Dalam psikologi, kebutuhan untuk dihargai merupakan salah satu kebutuhan dasar manusia. Ketika seseorang merasa dihormati, hubungan sosial akan berkembang lebih sehat dan lebih kuat.

Mengapa Keramahan Sangat Penting?

Keramahan bukan sekadar sifat bawaan. Banyak penelitian menunjukkan bahwa kebiasaan-kebiasaan kecil dapat dilatih hingga menjadi bagian dari kepribadian seseorang.

Orang yang ramah cenderung memiliki hubungan sosial yang lebih baik, tingkat stres yang lebih rendah, dan lebih mudah membangun kepercayaan dalam lingkungan kerja maupun kehidupan pribadi.

Selain itu, sikap ramah sering kali menular. Ketika seseorang diperlakukan dengan baik, ia memiliki kecenderungan untuk memperlakukan orang lain dengan cara yang sama. Efek berantai ini mampu menciptakan lingkungan yang lebih positif bagi semua orang.

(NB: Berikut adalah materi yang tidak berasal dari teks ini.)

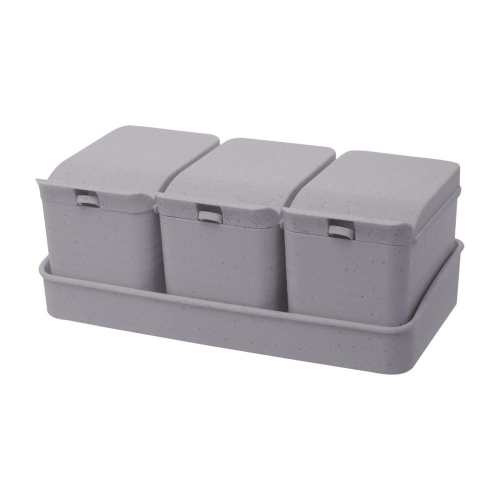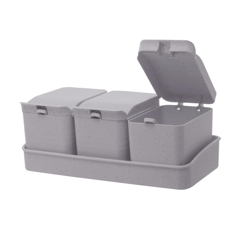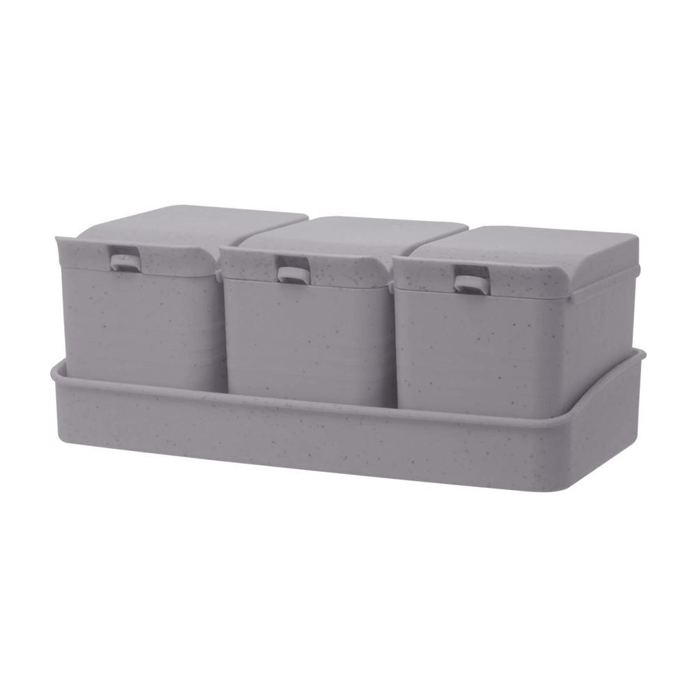 Kit 3 Porta Temperos em PP e Bandeja Lines Cinza 10cm x 18cm

Baca Juga: Bukan Disiplin Kaku, Ini 9 Kebiasaan Pagi yang Tingkatkan Produktivitas Menurut Psikologi

Penutup

Menjadi pribadi yang ramah tidak berarti harus selalu menyenangkan semua orang atau mengorbankan diri sendiri. Keramahan sejati justru terlihat dari kebiasaan-kebiasaan kecil yang dilakukan secara tulus tanpa mengharapkan imbalan.

Mulai dari memberikan senyuman, mendengarkan dengan penuh perhatian, mengingat hal-hal kecil, hingga membuat orang lain merasa dihargai, semuanya menunjukkan bahwa kepedulian sering kali hadir dalam tindakan sederhana.

Pada akhirnya, bukan tindakan besar yang paling diingat orang, melainkan bagaimana kita membuat mereka merasa. Dan sering kali, perasaan itu lahir dari hal-hal kecil yang dilakukan secara konsisten setiap hari.